I can't quite bring myself to say that it all feels wrong this year; a few hours of frivolous fun is crucial to self-care. But I know that it's not right, either. There will be pageantry, the kind that pretends everything is okay. That everything is normal. And that's great, necessary even, when it comes at a moment in which we all need to be told that everything will be okay. But in this moment, everything is not okay. None of this is normal. The most important thing we can do this year is remember that.

Watch the game. I will. But in the down moments, (during commercials, if the score gets out of hand, while Joe Buck is throwing up on America between plays) plan your calls to your representatives, make some donations, and keep on top of the news. Because something will happen. What better time to make something truly horrifying happen than in the middle of the biggest TV event of the year. Recall that the Muslim Ban was announced on a Friday night.

I've said before that I love sports because they're not important. And that remains true. In the face of so much importance, in a world that's dangerously low on trivialities, we find ourselves fighting a two front war: to preserve our stupid distractions, while also remembering where they rate. And if we stay strong, if we resist, one day we can go back to enjoying our distractions like we deserve to. We can have our frivolous things again. I promise.

Wednesday, January 18, 2017

The President We Needed

Source: Getty Images North America

Just before taking office in 2009, President Obama attempted to reenergize the MLK Day of Service that had first been made official fifteen years before. This call came at an opportune time. A service holiday had always been a noble idea, fitting of Dr. King's legacy (hooray, another white dude expounding on King's legacy!). But by 2009, it was also a smart, practical way to get the country back to work in the middle of a biting recession. Get Americans to mend fences with one another as they pitched in to made their communities just a little bit nicer. Except a whole lot of us didn't do that.

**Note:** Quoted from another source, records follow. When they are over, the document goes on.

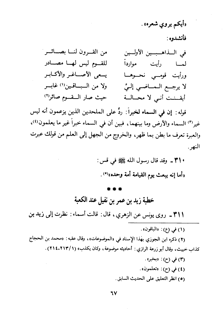 311- روى يونس عن الزهري، قال: قالت أسماء: نظرت على زيد بن
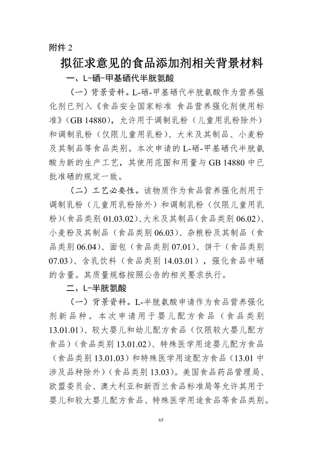 (1)L-硒-甲基硒代半胱氨酸的用量及使用范圍:L-硒-甲基硒代半胱氨酸的使用范圍和用量與 GB 14880《食品安全國家標(biāo)準(zhǔn) 食品營養(yǎng)強(qiáng)化劑使用標(biāo)準(zhǔn)》中已批準(zhǔn)硒的規(guī)定一致。
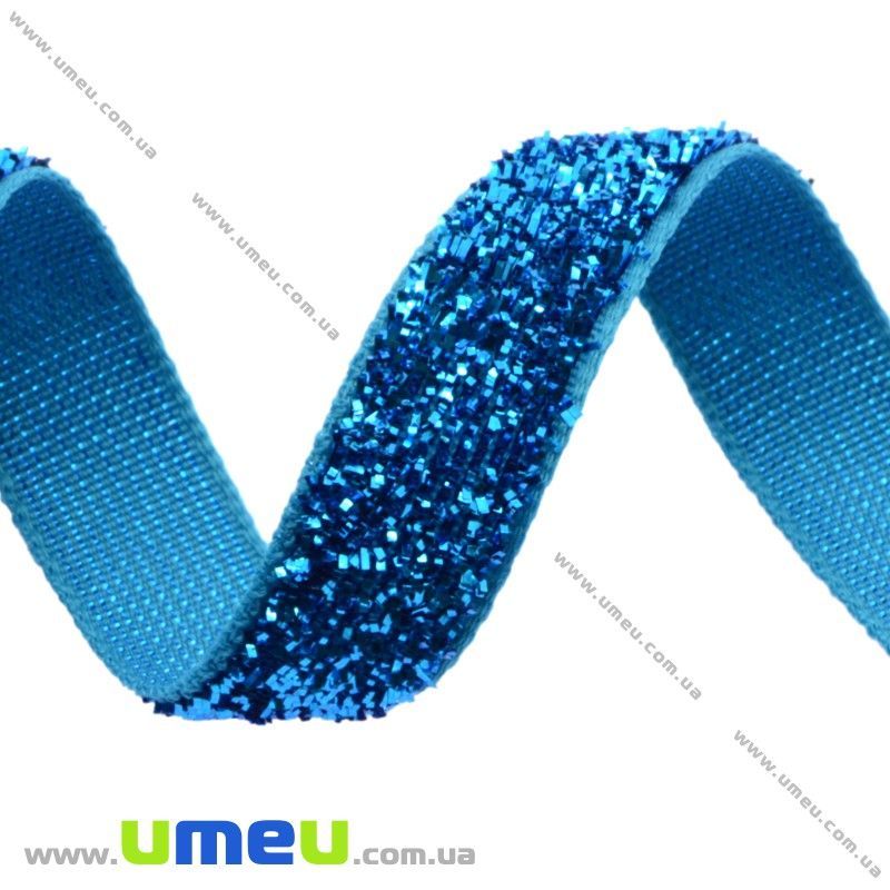 Стрічка оксамитова з люрексом, 10 мм, Блакитна (LEN-017368) / 1 м

We continued to spend MLK Day the way we spend every Monday holiday: inside, bathing in the comforting glow of our screens. A day off means a day off, dammit.

That's a Royal We, by the way. I'm as much to blame as anyone. January is cold, man. And now that the Christmas lights are gone it's all grey, too, and you want me to go outside? And do stuff? Yeah, no thanks, Hussein. I did nothing this MLK Day except brace myself for... well, let's not get into that now, shall we? This is about positive reflection.

The point is, he looked at Americans and saw something better than what we were. Or maybe he saw what we could have been--and still could be. But we're not there yet. He expected Congress to act like adults who actually care about the people whose lives are affected by their work and they didn't. He expected his supporters to have his back in 2010 and they didn't. He expected his own party to unify and run an effective campaign to replace him and they didn't. That was the heart of Obama the Pollyanna: someone who counted on others to be the best people they could be. And kept doing that. Albert Einstein (who was not a mental health expert but was an accomplished guy in other disciplines so we keep quoting this) said something about the definition of insanity.

Looked at another way: Obama, Master of Cool, Calm, and Collected, was perhaps not ideally suited to lead a nation increasingly addicted to panic, outrage, and juvenile dramatics. He could try to talk us down from the ledge, and Lord knows he tried. But then one dipshit heckles him and then a lot of other people start yelling at the dipshit and then everybody's shouting and he's still standing up there, looking like he can distinctly hear the narrator from Arrested Development: "the nation continued to chant 'speech, speech, speech' for no one in particular."

So why would I have voted for him a third time? Because, in spite of all my liberal naval-gazing (do what you're good at, Mom always said), he was not the president we deserved, but the one we needed. And his was the example to aspire toward. Still is. That doesn't mean he always had the best solutions. You don't like his healthcare proposals? Find a different one and fight for it instead of torpedoing positive solutions and giving us a half-working sludge that'll be a nightmare to fix. Think he's too slow to get done the things that he promised to do? Call your congressman and tell them you want the work to get done, donate your time to organize marches and petition signings, show up to your bloody polling place. Life gets bad? Stand up, take a breath (or five; deep, slow, evenly-paced), brush it off, and get back to work.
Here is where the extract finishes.